*** Opening of Provided material ***
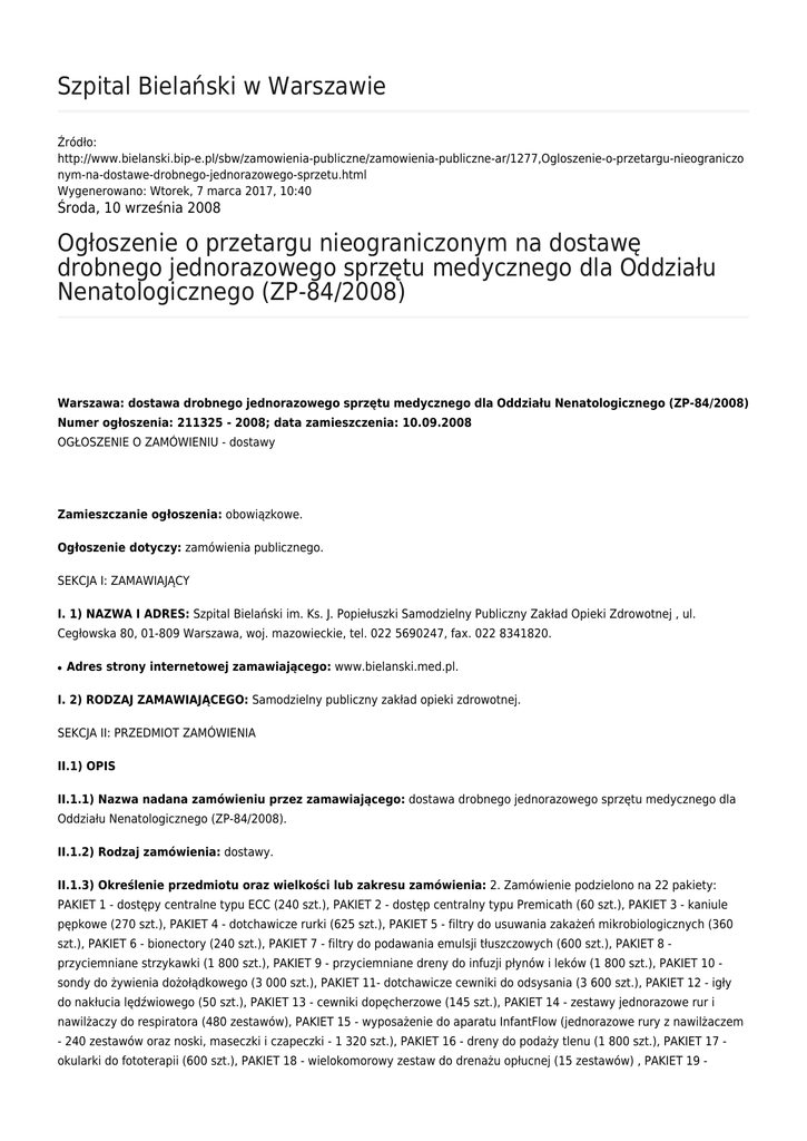 Szpital Bielański w Warszawie Źródło: http://www.bielanski.bip-e.pl/sbw/zamowienia-publiczne/zamowienia-publiczne-ar/1277,Ogloszenie-o-przetargu-nieograniczo nym-na-dostawe-drobnego-jednorazowego-sprzetu.html Wygenerowano: Wtorek, 7 marca 2017, 10:40 Środa, 10 września 2008 Ogłoszenie o przetargu nieograniczonym na dostawę drobnego jednorazowego sprzętu medycznego dla Oddziału Nenatologicznego (ZP-84/2008) Warszawa: dostawa drobnego jednorazowego sprzętu medycznego dla Oddziału Nenatologicznego (ZP-84/2008) Numer ogłoszenia: 211325 - 2008; data zamieszczenia: 10.09.2008 OGŁOSZENIE O ZAMÓWIENIU - dostawy Zamieszczanie ogłoszenia: obowiązkowe. Ogłoszenie dotyczy: zamówienia publicznego. SEKCJA I: ZAMAWIAJĄCY I. 1) NAZWA I ADRES: Szpital Bielański im. Ks. J. Popiełuszki Samodzielny Publiczny Zakład Opieki Zdrowotnej , ul. Cegłowska 80, 01-809 Warszawa, woj. mazowieckie, tel. 022 5690247, fax. 022 8341820. ● Adres strony internetowej zamawiającego: www.bielanski.med.pl. I. 2) RODZAJ ZAMAWIAJĄCEGO: Samodzielny publiczny zakład opieki zdrowotnej. SEKCJA II: PRZEDMIOT ZAMÓWIENIA II.1) OPIS II.1.1) Nazwa nadana zamówieniu przez zamawiającego: dostawa drobnego jednorazowego sprzętu medycznego dla Oddziału Nenatologicznego (ZP-84/2008). II.1.2) Rodzaj zamówienia: dostawy. II.1.3) Określenie przedmiotu oraz wielkości lub zakresu zamówienia: 2. Zamówienie podzielono na 22 pakiety: PAKIET 1 - dostępy centralne typu ECC (240 szt.), PAKIET 2 - dostęp centralny typu Premicath (60 szt.), PAKIET 3 - kaniule pępkowe (270 szt.), PAKIET 4 - dotchawicze rurki (625 szt.), PAKIET 5 - filtry do usuwania zakażeń mikrobiologicznych (360 szt.), PAKIET 6 - bionectory (240 szt.), PAKIET 7 - filtry do podawania emulsji tłuszczowych (600 szt.), PAKIET 8 przyciemniane strzykawki (1 800 szt.), PAKIET 9 - przyciemniane dreny do infuzji płynów i leków (1 800 szt.), PAKIET 10 sondy do żywienia dożołądkowego (3 000 szt.), PAKIET 11- dotchawicze cewniki do odsysania (3 600 szt.), PAKIET 12 - igły do nakłucia lędźwiowego (50 szt.), PAKIET 13 - cewniki dopęcherzowe (145 szt.), PAKIET 14 - zestawy jednorazowe rur i nawilżaczy do respiratora (480 zestawów), PAKIET 15 - wyposażenie do aparatu InfantFlow (jednorazowe rury z nawilżaczem - 240 zestawów oraz noski, maseczki i czapeczki - 1 320 szt.), PAKIET 16 - dreny do podaży tlenu (1 800 szt.), PAKIET 17 okularki do fototerapii (600 szt.), PAKIET 18 - wielokomorowy zestaw do drenażu opłucnej (15 zestawów) , PAKIET 19 - serwety jałowe (240 szt.), PAKIET 20 - zestaw do transfuzji wymiennej noworodka (25 zestawów). PAKIET 21 - worki do pobierania moczu (200 szt.), PAKIET 22 - kaniule do naczyń obwodowych (2 000 szt.).. II.1.4) Wspólny Słownik Zamówień (CPV): 33.14.10.00-0. II.1.5) Czy dopuszcza się złożenie oferty częściowej: Tak, liczba części: 22. II.1.6) Czy dopuszcza się złożenie oferty wariantowej: Nie. II.2) CZAS TRWANIA ZAMÓWIENIA LUB TERMIN WYKONANIA: Okres w miesiącach: 12. SEKCJA III: INFORMACJE O CHARAKTERZE PRAWNYM, EKONOMICZNYM, FINANSOWYM I TECHNICZNYM III.1) WARUNKI DOTYCZĄCE ZAMÓWIENIA Informacja na temat wadium: Zamawiajacy nie wymaga wniesienia wadium III.2) WARUNKI UDZIAŁU ● Opis warunków udziału w postępowaniu oraz opis sposobu dokonywania oceny spełniania tych warunków: Ocena spełniania warunków wymaganych od Wykonawców zostanie dokonana wg formuły: spełnia - nie spełnia na podstawie analizy dokumentów wymaganych O udzielenie zamówienia mogą ubiegać się wykonawcy, którzy: 1. posiadają uprawnienia do wykonywania określonej działalności lub czynności, jeżeli ustawy nakładają obowiązek posiadania takich uprawnień; 2. posiadają niezbędną wiedzę i doświadczenie oraz dysponują potencjałem technicznym i osobami zdolnymi do wykonania zamówienia 3. znajdują się w sytuacji ekonomicznej i finansowej zapewniającej wykonanie zamówienia; 4. nie podlegają wykluczeniu z postępowania o udzielenie zamówienia.. ● Informacja o oświadczeniach i dokumentach, jakie mają dostarczyć wykonawcy w celu potwierdzenia spełniania warunków udziału w postępowaniu: I. Dla potwierdzenia spełnienia warunków Wykonawcy przedkładają niżej wymienione dokumenty: 1. Oświadczenie o spełnieniu warunków: 1.1. określonych w art. 22 ust. 1 pkt 1-3 ustawy Pzp na formularzu zgodnym z treścią załącznika nr 2a do formularza oferty. 1.2. określonych w art. 24 ust. 1 i 2 ustawy Pzp na formularzu zgodnym z treścią załącznika nr 2b do formularza oferty. 2. Aktualny odpis z właściwego rejestru albo aktualne zaświadczenie o wpisie do ewidencji działalności gospodarczej, jeżeli odrębne przepisy wymagają wpisu do rejestru lub zgłoszenia do ewidencji działalności gospodarczej, Powyższy dokument musi być wystawiony nie wcześniej niż 6 miesięcy przed upływem terminu składania ofert. 3. Jeżeli wykonawca ma siedzibę lub miejsce zamieszkania poza terytorium Rzeczypospolitej Polskiej, zamiast dokumentu, o którym mowa w pkt 2. składa dokument wystawiony w kraju, w którym ma siedzibę lub miejsce zamieszkania, potwierdzający, że nie otwarto wobec niego likwidacji ani nie ogłoszono upadłości, wystawiony nie wcześniej niż 6 miesięcy przed upływem terminu składania ofert. Jeżeli w kraju pochodzenia osoby lub w kraju, w którym wykonawca ma siedzibę lub miejsce zamieszkania nie wydaje się w/w dokumentu, zastępuje się go dokumentem zawierającym oświadczenie złożone przed notariuszem, właściwym organem sądowym, administracyjnym albo organem sądowym, administracyjnym albo organem samorządu zawodowego lub gospodarczego odpowiednio kraju pochodzenia osoby lub kraju, w którym wykonawca ma siedzibę lub miejsce zamieszkania, wystawiony nie wcześniej niż 6 miesięcy przed upływem terminu składania ofert. II. Dokumenty potwierdzające, że oferowane dostawy odpowiadają wymaganiom określonym przez Zamawiającego. 1. dokument dopuszczaj
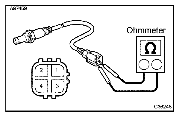 If the result is not as specified, replace the heated oxygen sensor.
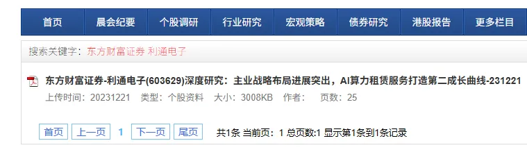 产出:一篇“强烈推荐买入”的研报《东方财富证券-利通电子深度研究:主业战略布局进展突出,AI算力租赁服务打造第二成长曲线》,企图把股价吹上天。
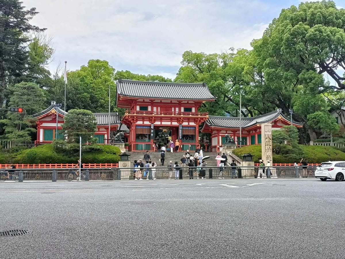 八坂神社 我已經是第三次來拜訪,學妹則是人生頭一糟! 我們依舊有碰到祭點 神社外都有擺設一些屋台賣著各式日式小吃、日式小物 上頭掛的「厄年表」就有點類似我們台灣安太歲 哪一年碰到哪一年…
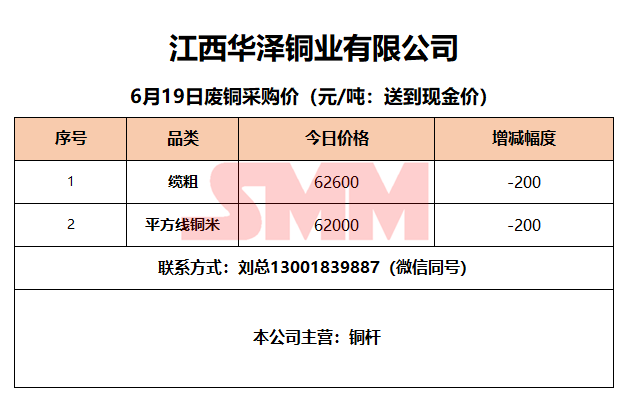 6月19日江西华泽铜业 废铜采购报价
*** Close of Provided material ***
What this task involves
All records above are to be printed exactly, minus the pictures they contain.

Worked solution
 Szpital Bielański w Warszawie Źródło: http://www.bielanski.bip-e.pl/sbw/zamowienia-publiczne/zamowienia-publiczne-ar/1277,Ogloszenie-o-przetargu-nieograniczo nym-na-dostawe-drobnego-jednorazowego-sprzetu.html Wygenerowano: Wtorek, 7 marca 2017, 10:40 Środa, 10 września 2008 Ogłoszenie o przetargu nieograniczonym na dostawę drobnego jednorazowego sprzętu medycznego dla Oddziału Nenatologicznego (ZP-84/2008) Warszawa: dostawa drobnego jednorazowego sprzętu medycznego dla Oddziału Nenatologicznego (ZP-84/2008) Numer ogłoszenia: 211325 - 2008; data zamieszczenia: 10.09.2008 OGŁOSZENIE O ZAMÓWIENIU - dostawy Zamieszczanie ogłoszenia: obowiązkowe. Ogłoszenie dotyczy: zamówienia publicznego. SEKCJA I: ZAMAWIAJĄCY I. 1) NAZWA I ADRES: Szpital Bielański im. Ks. J. Popiełuszki Samodzielny Publiczny Zakład Opieki Zdrowotnej , ul. Cegłowska 80, 01-809 Warszawa, woj. mazowieckie, tel. 022 5690247, fax. 022 8341820. ● Adres strony internetowej zamawiającego: www.bielanski.med.pl. I. 2) RODZAJ ZAMAWIAJĄCEGO: Samodzielny publiczny zakład opieki zdrowotnej. SEKCJA II: PRZEDMIOT ZAMÓWIENIA II.1) OPIS II.1.1) Nazwa nadana zamówieniu przez zamawiającego: dostawa drobnego jednorazowego sprzętu medycznego dla Oddziału Nenatologicznego (ZP-84/2008). II.1.2) Rodzaj zamówienia: dostawy. II.1.3) Określenie przedmiotu oraz wielkości lub zakresu zamówienia: 2. Zamówienie podzielono na 22 pakiety: PAKIET 1 - dostępy centralne typu ECC (240 szt.), PAKIET 2 - dostęp centralny typu Premicath (60 szt.), PAKIET 3 - kaniule pępkowe (270 szt.), PAKIET 4 - dotchawicze rurki (625 szt.), PAKIET 5 - filtry do usuwania zakażeń mikrobiologicznych (360 szt.), PAKIET 6 - bionectory (240 szt.), PAKIET 7 - filtry do podawania emulsji tłuszczowych (600 szt.), PAKIET 8 przyciemniane strzykawki (1 800 szt.), PAKIET 9 - przyciemniane dreny do infuzji płynów i leków (1 800 szt.), PAKIET 10 sondy do żywienia dożołądkowego (3 000 szt.), PAKIET 11- dotchawicze cewniki do odsysania (3 600 szt.), PAKIET 12 - igły do nakłucia lędźwiowego (50 szt.), PAKIET 13 - cewniki dopęcherzowe (145 szt.), PAKIET 14 - zestawy jednorazowe rur i nawilżaczy do respiratora (480 zestawów), PAKIET 15 - wyposażenie do aparatu InfantFlow (jednorazowe rury z nawilżaczem - 240 zestawów oraz noski, maseczki i czapeczki - 1 320 szt.), PAKIET 16 - dreny do podaży tlenu (1 800 szt.), PAKIET 17 okularki do fototerapii (600 szt.), PAKIET 18 - wielokomorowy zestaw do drenażu opłucnej (15 zestawów) , PAKIET 19 - serwety jałowe (240 szt.), PAKIET 20 - zestaw do transfuzji wymiennej noworodka (25 zestawów). PAKIET 21 - worki do pobierania moczu (200 szt.), PAKIET 22 - kaniule do naczyń obwodowych (2 000 szt.).. II.1.4) Wspólny Słownik Zamówień (CPV): 33.14.10.00-0. II.1.5) Czy dopuszcza się złożenie oferty częściowej: Tak, liczba części: 22. II.1.6) Czy dopuszcza się złożenie oferty wariantowej: Nie. II.2) CZAS TRWANIA ZAMÓWIENIA LUB TERMIN WYKONANIA: Okres w miesiącach: 12. SEKCJA III: INFORMACJE O CHARAKTERZE PRAWNYM, EKONOMICZNYM, FINANSOWYM I TECHNICZNYM III.1) WARUNKI DOTYCZĄCE ZAMÓWIENIA Informacja na temat wadium: Zamawiajacy nie wymaga wniesienia wadium III.2) WARUNKI UDZIAŁU ● Opis warunków udziału w postępowaniu oraz opis sposobu dokonywania oceny spełniania tych warunków: Ocena spełniania warunków wymaganych od Wykonawców zostanie dokonana wg formuły: spełnia - nie spełnia na podstawie analizy dokumentów wymaganych O udzielenie zamówienia mogą ubiegać się wykonawcy, którzy: 1. posiadają uprawnienia do wykonywania określonej działalności lub czynności, jeżeli ustawy nakładają obowiązek posiadania takich uprawnień; 2. posiadają niezbędną wiedzę i doświadczenie oraz dysponują potencjałem technicznym i osobami zdolnymi do wykonania zamówienia 3. znajdują się w sytuacji ekonomicznej i finansowej zapewniającej wykonanie zamówienia; 4. nie podlegają wykluczeniu z postępowania o udzielenie zamówienia.. ● Informacja o oświadczeniach i dokumentach, jakie mają dostarczyć wykonawcy w celu potwierdzenia spełniania warunków udziału w postępowaniu: I. Dla potwierdzenia spełnienia warunków Wykonawcy przedkładają niżej wymienione dokumenty: 1. Oświadczenie o spełnieniu warunków: 1.1. określonych w art. 22 ust. 1 pkt 1-3 ustawy Pzp na formularzu zgodnym z treścią załącznika nr 2a do formularza oferty. 1.2. określonych w art. 24 ust. 1 i 2 ustawy Pzp na formularzu zgodnym z treścią załącznika nr 2b do formularza oferty. 2. Aktualny odpis z właściwego rejestru albo aktualne zaświadczenie o wpisie do ewidencji działalności gospodarczej, jeżeli odrębne przepisy wymagają wpisu do rejestru lub zgłoszenia do ewidencji działalności gospodarczej, Powyższy dokument musi być wystawiony nie wcześniej niż 6 miesięcy przed upływem terminu składania ofert. 3. Jeżeli wykonawca ma siedzibę lub miejsce zamieszkania poza terytorium Rzeczypospolitej Polskiej, zamiast dokumentu, o którym mowa w pkt 2. składa dokument wystawiony w kraju, w którym ma siedzibę lub miejsce zamieszkania, potwierdzający, że nie otwarto wobec niego likwidacji ani nie ogłoszono upadłości, wystawiony nie wcześniej niż 6 miesięcy przed upływem terminu składania ofert. Jeżeli w kraju pochodzenia osoby lub w kraju, w którym wykonawca ma siedzibę lub miejsce zamieszkania nie wydaje się w/w dokumentu, zastępuje się go dokumentem zawierającym oświadczenie złożone przed notariuszem, właściwym organem sądowym, administracyjnym albo organem sądowym, administracyjnym albo organem samorządu zawodowego lub gospodarczego odpowiednio kraju pochodzenia osoby lub kraju, w którym wykonawca ma siedzibę lub miejsce zamieszkania, wystawiony nie wcześniej niż 6 miesięcy przed upływem terminu składania ofert. II. Dokumenty potwierdzające, że oferowane dostawy odpowiadają wymaganiom określonym przez Zamawiającego. 1. dokument dopuszczaj
 If the result is not as specified, replace the heated oxygen sensor.
 产出:一篇“强烈推荐买入”的研报《东方财富证券-利通电子深度研究:主业战略布局进展突出,AI算力租赁服务打造第二成长曲线》,企图把股价吹上天。
 八坂神社 我已經是第三次來拜訪,學妹則是人生頭一糟! 我們依舊有碰到祭點 神社外都有擺設一些屋台賣著各式日式小吃、日式小物 上頭掛的「厄年表」就有點類似我們台灣安太歲 哪一年碰到哪一年…
 6月19日江西华泽铜业 废铜采购报价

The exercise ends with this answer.